Neither of us moves a muscle or even exhales until the tapping of Mrs. Wild’s footsteps disappears down the stairs. I wait a few seconds longer before I can work up the courage to finally look at Beckett.

All the light in her face is gone. The blood feels like it’s drained out of mine as well.

“I don’t get it,” I say. I’m not whispering, but my voice is low enough to stay contained inside the room, even with the door open. “You can decorate your bedroom like this, dye your hair, paint your Vespa any way you want. But you have to keep the door open when you have a friend over?”

She sits down on the edge of the bed, unzips her backpack, starts taking things out one at a time.
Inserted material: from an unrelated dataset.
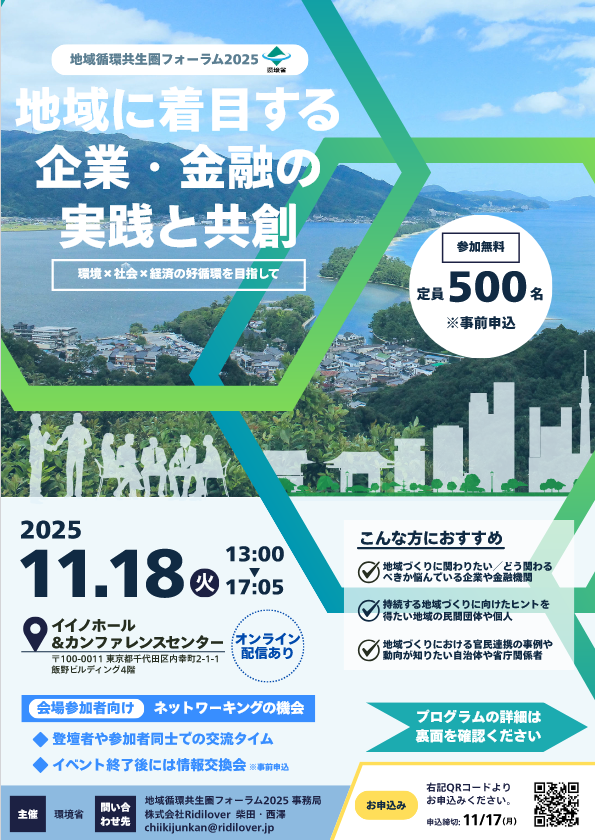 [問い合わせ先] 地域循環共生圏フォーラム2025 事務局:(株)Ridilover(担当:柴田、西澤)

“They worry about my choices.” She slaps a notebook down on the bed. “Not like they let me have any.” The pens she tosses next to her roll onto the floor. “I do everything they want. My choices are their choices.” She turns her backpack upside down and dumps everything out at her feet.

“Okay, but... it’s not like you locked yourself in here with Cason. You’re just doing homework with a friend from school.”

“Yeah.” She drops the empty backpack on top of its contents and looks up at me. “Except I’m not.”

My ears crackle the way they do sometimes when I’m in trouble, only right now I don’t know who I’m in trouble with. Myself? Beckett’s mom? Beckett? Is she the one lying to herself about who she is? Or am I lying to myself about who we are?

“What are you thinking?” she asks, cutting her eyes sideways at me.

I lean forward in the chair, weave my fingers together so she can’t see them shaking. I want to tell her every thought I’ve ever had about her. About us. Every private moment we’ve shared in my mind. I want to tell her not to care what her parents think, but I can’t even do that with my own mother. I want to say all the quiet parts out loud.

But when I open my mouth, all that comes out is, “I guess I’m thinking we should work on our project.”

Beckett goes dark. Five minutes ago, she was full of light and fire.

Now she looks like a match I snuffed out and tossed at the moon.